→ **Exercise directions**: Every record below should be printed exactly, except for the pictures.

→ **Items listed in a dataset**:

#####

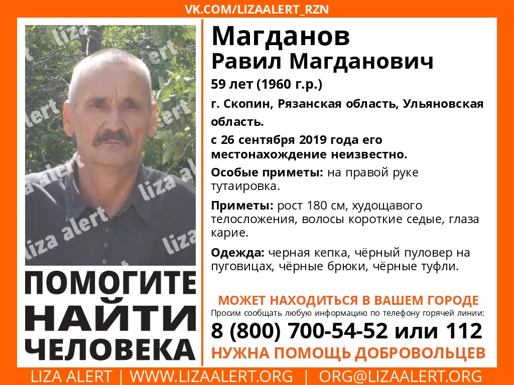В Скопине ищут пропавшего 59-летнего Равила Магданова. Об этом сообщили активисты поисково-спасательного отряда "Лиза Алерт".
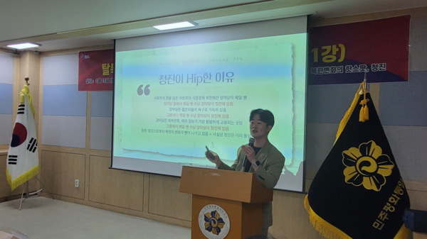 주일룡 강사가 북한 청진시에 대해 강연하고 있다.
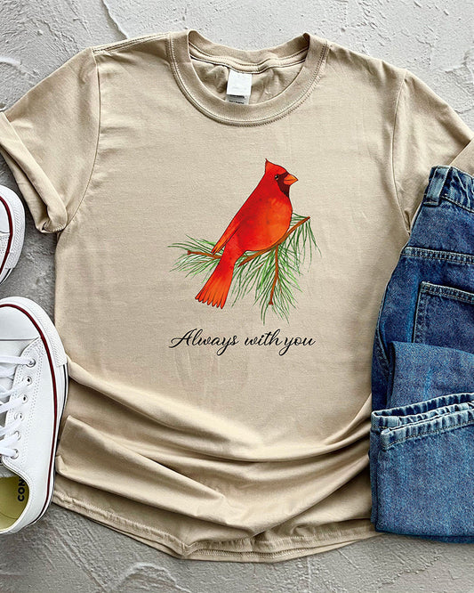 Lässiges T-Shirt mit Kardinalvogel-Print „Always With You“
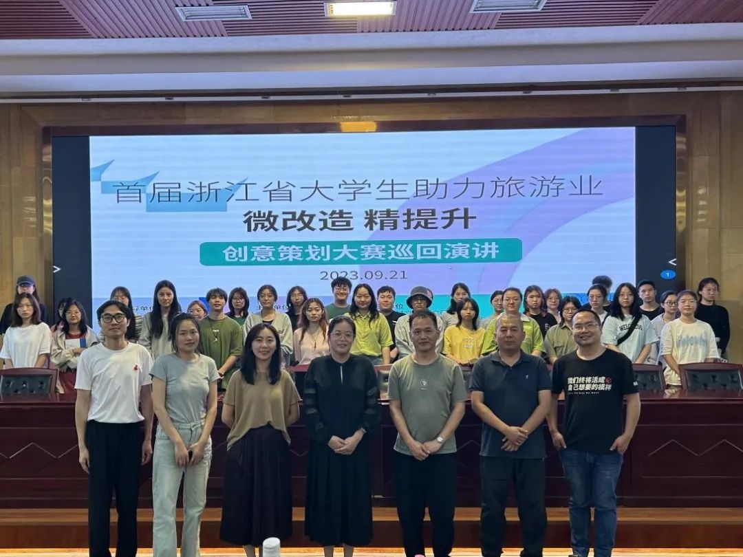 首届浙江省大学生助力旅游业“微改造 精提升”创意策划大赛巡回演讲旨在对首届大赛进行总结回顾,对第二届大赛进行宣传动员,同时宣扬大赛及“微改造 精提升”的理念。此次讲座反响热烈,气氛融洽,后续巡讲也即将在各校陆续开展。
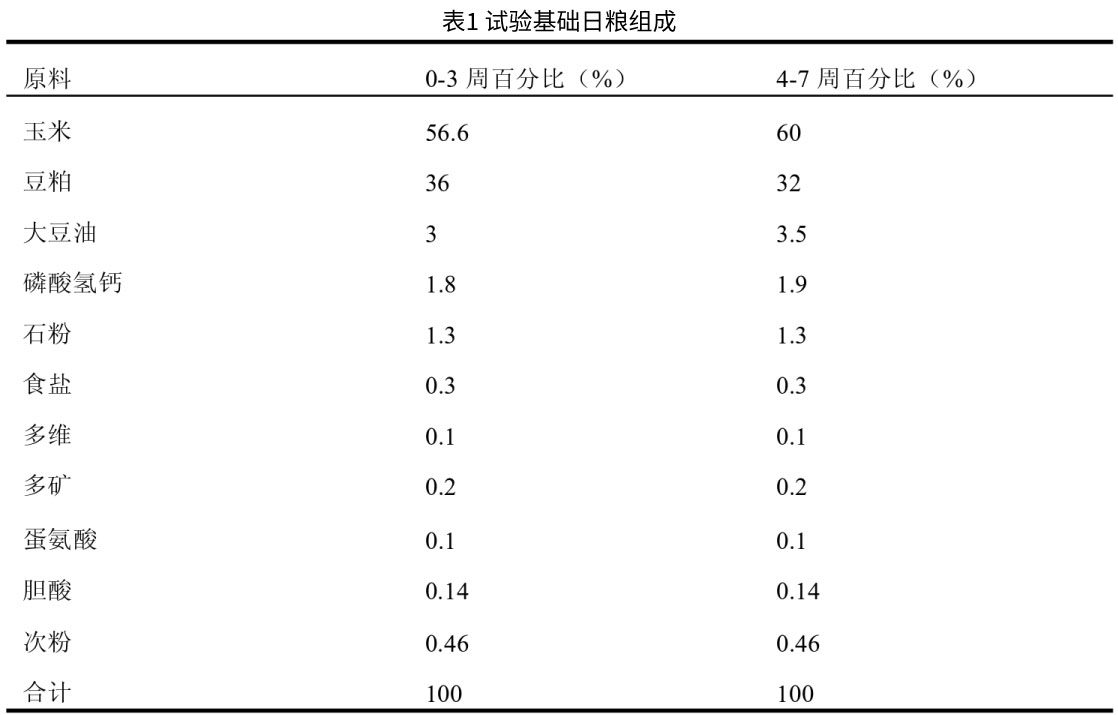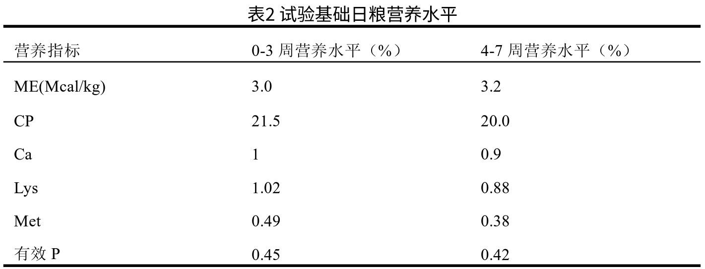 试验目的 本试验以肉仔鸡盲肠食糜为对象研究XOS对肠道微生物产TVFA的影响,为探讨XOS在肠道中的益生作用提供依据,并为有效利用XOS提供参考。 试验设计 选用1日龄AA商品肉仔鸡360只(公母各半),采用单因子区组设计,随机分为5个处理,每个处理6个重复,每个重复12只鸡。5个处理分别为:处理1(对照组),玉米-豆粕型基础日粮;处理2,基础日粮+0.1%XOS;处理3,基础日粮+0.2%XOS;处理4,基础日粮+0.3%XOS;处理5,基础日粮+0.08%金霉素(0-3周)、基础日粮+0.05%金霉素(4-6周)。 试验期49天,试验期间各处理组采用自由采食及饮水。 参照国标(2004)肉仔鸡营养标准配制基础日粮,基础日粮组成和营养水平见表1和表2。

#####

→ **Response below**:
В Скопине ищут пропавшего 59-летнего Равила Магданова. Об этом сообщили активисты поисково-спасательного отряда "Лиза Алерт".
 주일룡 강사가 북한 청진시에 대해 강연하고 있다.
 Lässiges T-Shirt mit Kardinalvogel-Print „Always With You“
 首届浙江省大学生助力旅游业“微改造 精提升”创意策划大赛巡回演讲旨在对首届大赛进行总结回顾,对第二届大赛进行宣传动员,同时宣扬大赛及“微改造 精提升”的理念。此次讲座反响热烈,气氛融洽,后续巡讲也即将在各校陆续开展。
 试验目的 本试验以肉仔鸡盲肠食糜为对象研究XOS对肠道微生物产TVFA的影响,为探讨XOS在肠道中的益生作用提供依据,并为有效利用XOS提供参考。 试验设计 选用1日龄AA商品肉仔鸡360只(公母各半),采用单因子区组设计,随机分为5个处理,每个处理6个重复,每个重复12只鸡。5个处理分别为:处理1(对照组),玉米-豆粕型基础日粮;处理2,基础日粮+0.1%XOS;处理3,基础日粮+0.2%XOS;处理4,基础日粮+0.3%XOS;处理5,基础日粮+0.08%金霉素(0-3周)、基础日粮+0.05%金霉素(4-6周)。 试验期49天,试验期间各处理组采用自由采食及饮水。 参照国标(2004)肉仔鸡营养标准配制基础日粮,基础日粮组成和营养水平见表1和表2。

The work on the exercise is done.